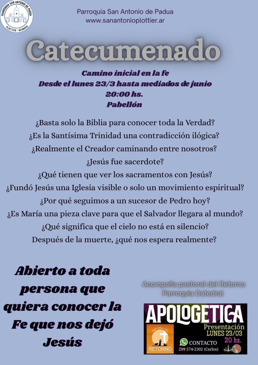Catecumenado: espacio de profundización de la fe destinado especialmente para los adultos sin bautismo. Abierto a todo quien quiera profundizar la Fe. Duración de tres meses aproximadamente.
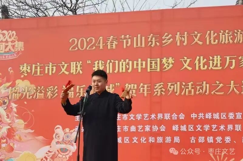 为深入学习贯彻党的二十大精神,丰富广大群众的精神文化生活。2月8日,由枣庄市文联、峄城区委宣传部主办的“我们的中国梦 文化进万家”启动仪式暨“榴光溢彩 福乐峄城”贺年系列活动在峄城区古邵镇举办,这也是2024春节山东乡村文化旅游节系列活动之一。枣庄市文联、峄城区委宣传部、枣庄市曲艺家协会一行13人参加活动。
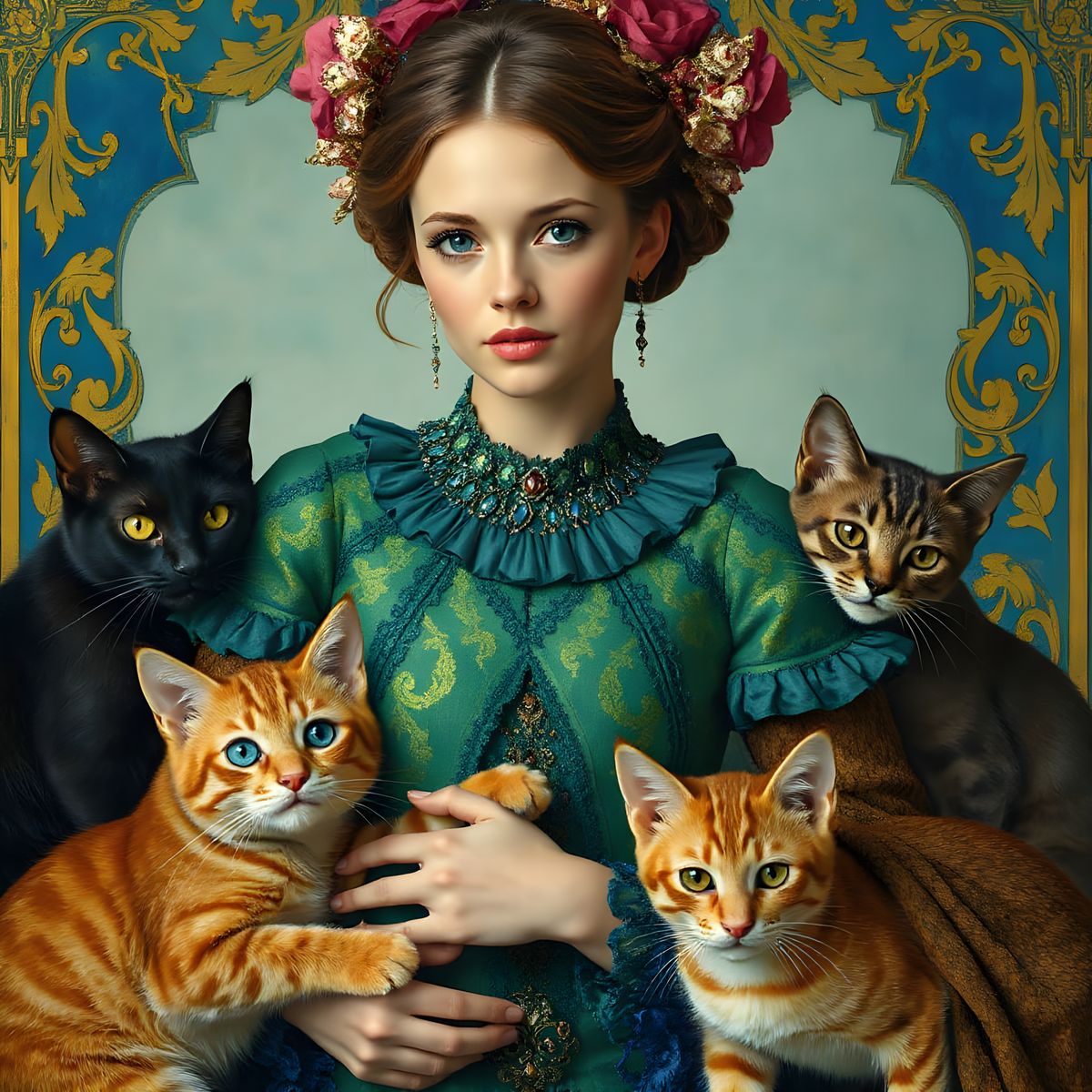 A vibrant digital painting of a beautiful woman with blue eyes, light brown hair, and a colorful dress. The artwork depicts her as the 'Queen of Cats'.

◆ **ASSIGNED TASK**
An exact, picture-free copy of the listing above is the goal; write it out now.

◆ **RESPONSE**
Catecumenado: espacio de profundización de la fe destinado especialmente para los adultos sin bautismo. Abierto a todo quien quiera profundizar la Fe. Duración de tres meses aproximadamente.
 为深入学习贯彻党的二十大精神,丰富广大群众的精神文化生活。2月8日,由枣庄市文联、峄城区委宣传部主办的“我们的中国梦 文化进万家”启动仪式暨“榴光溢彩 福乐峄城”贺年系列活动在峄城区古邵镇举办,这也是2024春节山东乡村文化旅游节系列活动之一。枣庄市文联、峄城区委宣传部、枣庄市曲艺家协会一行13人参加活动。
 A vibrant digital painting of a beautiful woman with blue eyes, light brown hair, and a colorful dress. The artwork depicts her as the 'Queen of Cats'.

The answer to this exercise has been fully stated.